Your campus might need to upgrade readers to accommodate mobile credentials. Similarly, moving to touchless openings might require new hardware.
This is where the challenge comes full circle. Schools have been hit hard financially, so implementing new solutions isn’t feasible for all, at least not right now. But for schools who are in a financial position to manage these investments, there is value in taking a proactive approach to create a more hygienic environment.
Start looking for solutions that enable you to bring students back to campus in a safe fashion so they can return to the superior face-to-face instruction, in-person laboratory experiments and as much of a normal routine as possible, while, of course, practicing social distancing and other safety recommendations by the CDC.
There’s also long-term value to be considered. Incorporating contactless credentials will help a university to prepare for future technological advancements, improve security and create a more seamless campus experience.

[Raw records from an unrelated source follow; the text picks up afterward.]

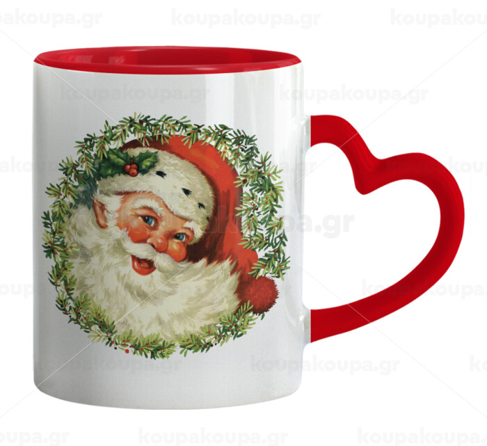 Santa Claus, Κούπα καρδιά χερούλι κόκκινη, κεραμική, 330ml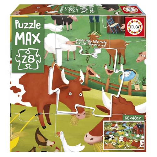 Educa - MAX-pussel för barn med rolig bild av bondgårdsdjur 28 stora bitar, lätt att manipulera och passa. Perfekt för golvridning. (19955)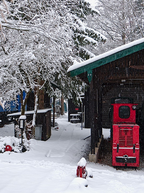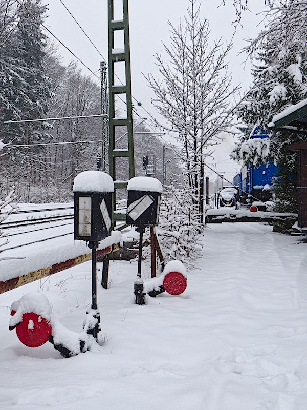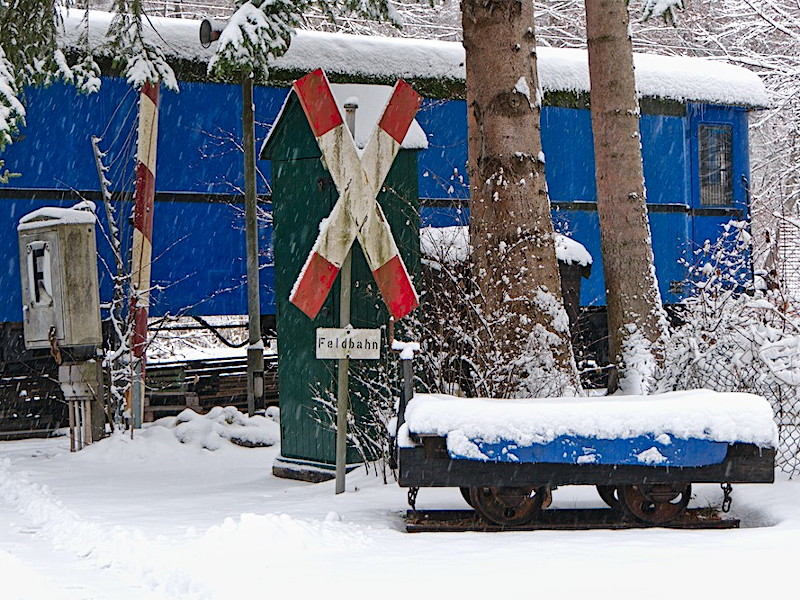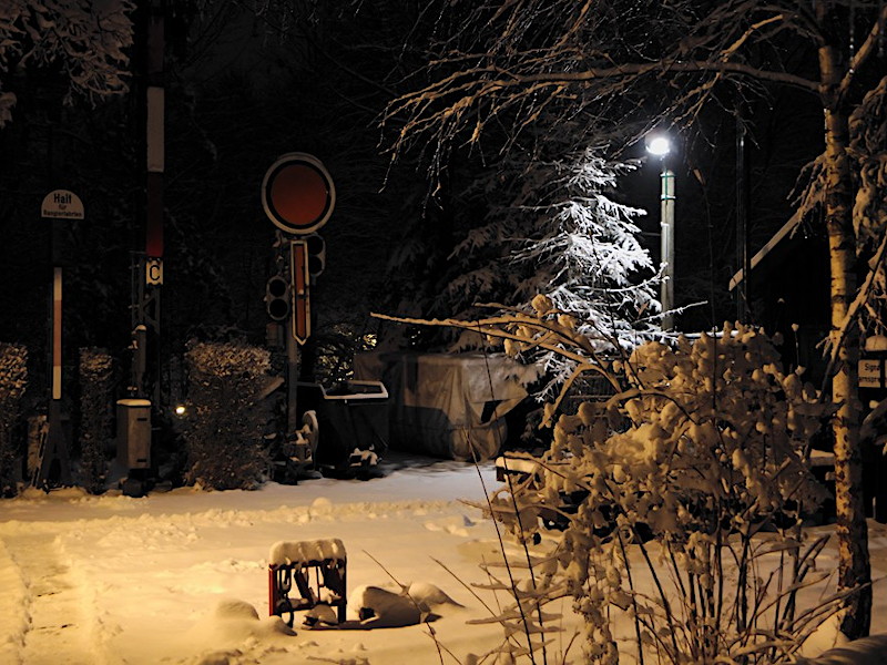 Ein Klick auf das Bild vergrößert es. Eurocity Express am Museumsgelände Museumsgelände im Winterschlaf Am Lok-Unterstand Weg am Lokschuppen Lokschuppen Rückseite Andreas-Kreuz an der Haltestelle Blick auf das Kassenhaus Weichen-Laternen Licht- und Formsignale Museumsgelände bei Nacht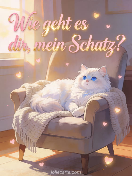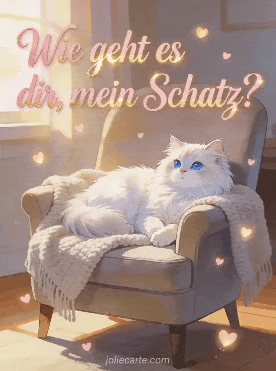Teile eine süße Liebesbotschaft mit einer weißen Perserkatze, leuchtenden kleinen Herzen und einer gemütlichen romantischen Stimmung. Entdecke auch hallo wie geht es dir, hallo wie geht's und guten Morgen wie geht es dir.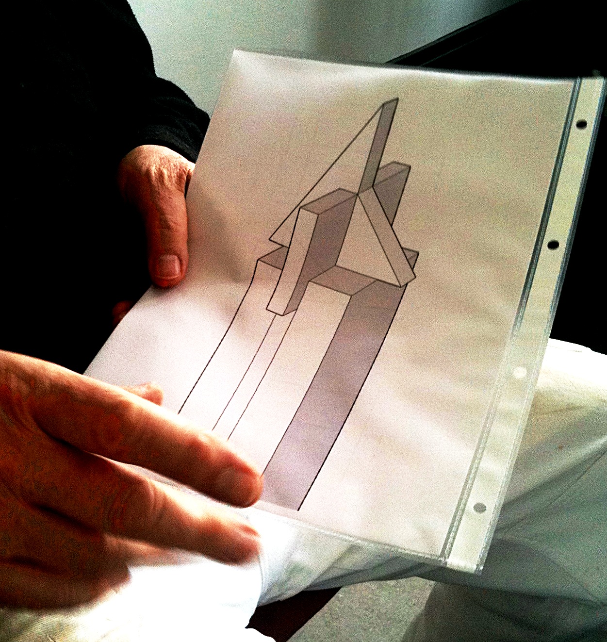 Wir haben geredet. Rudolf hat eine Zeichnung aus der Tasche gezogen. Darauf war der Entwurf seiner neuen Plastik zu sehen. Das Wort „Konstruktivismus“ stand im Raum, aber Rudolf meinte, dass er da keinen Bezug zu habe. Diese kunsthistorische Strömung habe für ihn keine Bedeutung. Die geometrischen Figuren, insbesondere der rechte Winkel, seien für ihn schon etwas Besonderes. Da habe er eine Affinität zu.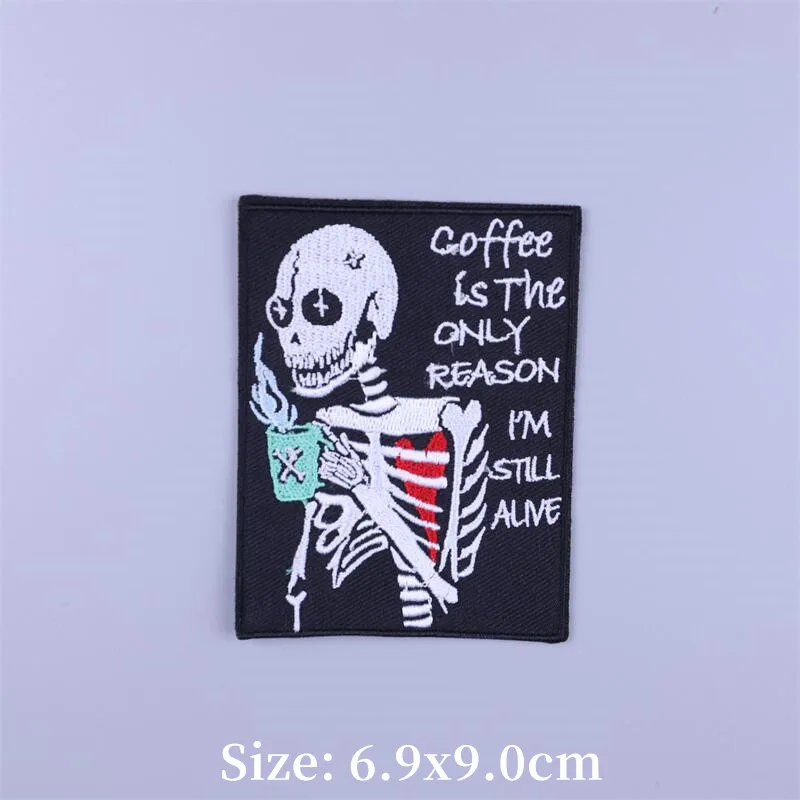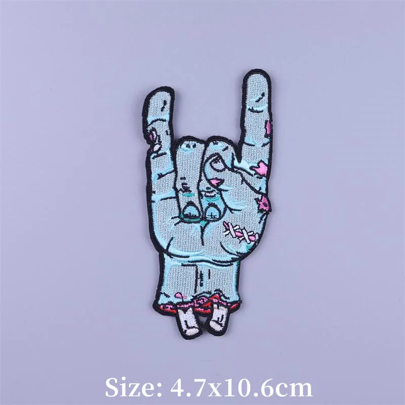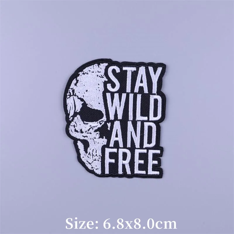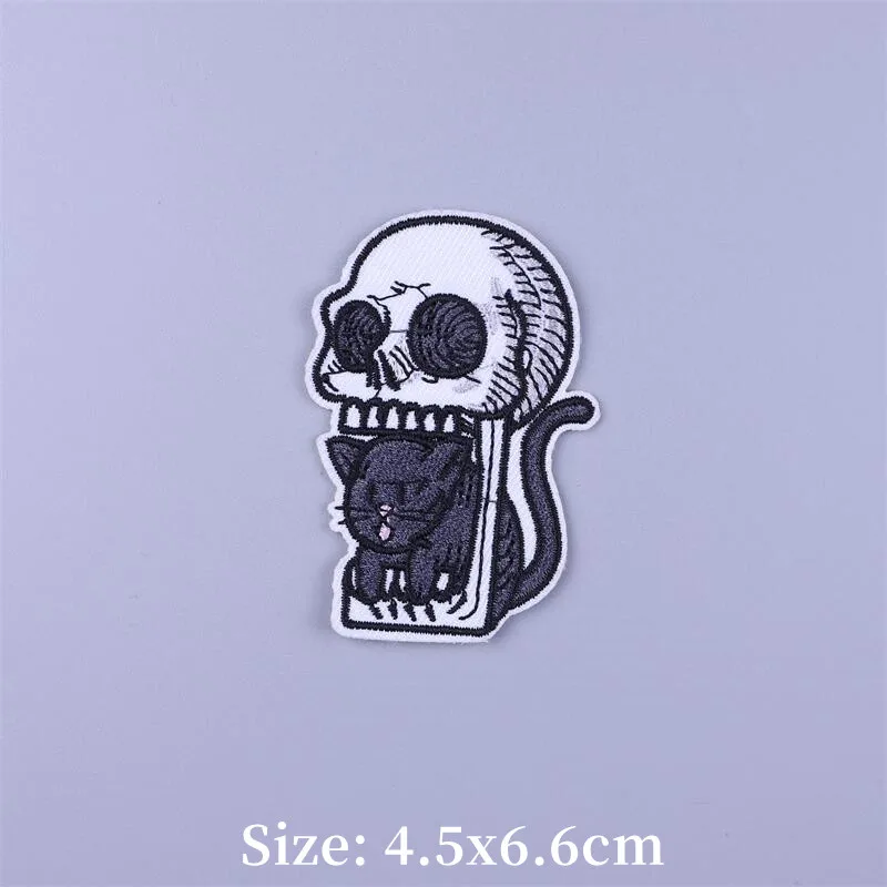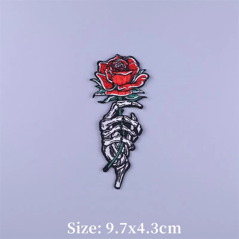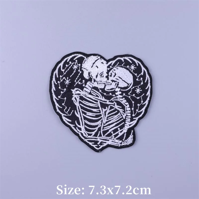 Parches termoadhesivos bordados con fuego, parche bordado Fusible de calavera Punk para ropa, parches de rayas Hippie DIY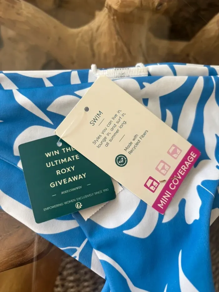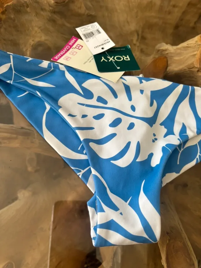 Bas de maillot de bain Roxy Mini coverage Bleu et blanc motifs feuilles tropicales Taille XS Neuf N'hésitez pas à faire des lots ✨ réduction dès 2 articles (d'autres maillots de bain Roxy à vendre) Pour voir mes autres maillots de bain à vendre : #mdbludi2607 ✉️Pas de remise en main propre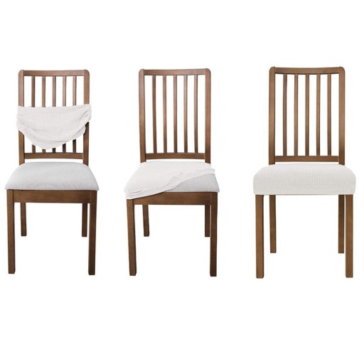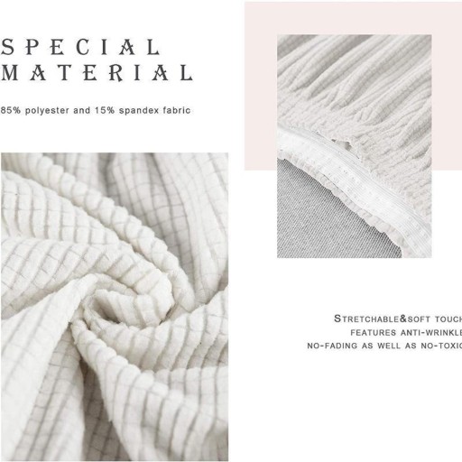 Miękkie i zastosowane: jeden rozmiar części do składu poszczególnych członków, siedzisko przed plamami, zalaniem, zwierzętami, zadrapaniami lub łzami bez odchylenia stylowego oparcia krzeseł. Wykonany w 85% z poliestru % spandexu z drobnym żakardowym systemem w kratkę, który zapewnia krzesłu do jadalni niezmiennie nowoczesny wygląd.

Getting back to normal will take time. There’s a lot to be done to ensure your campus is a safe, clean environment for students. Moving to contactless credentials and touchless access control hardware won’t solve all of your challenges, but these are important considerations as you’re evaluating best practices during these uncertain times.
Whether students are welcomed back this fall, next spring or sometime after that, it’s going to be imperative that your school shows how it’s working to keep students safe. While campuses are free of students, I recommend using this time to focus on upgrades that promote a healthy environment, like a move to contactless credentials and touchless openings.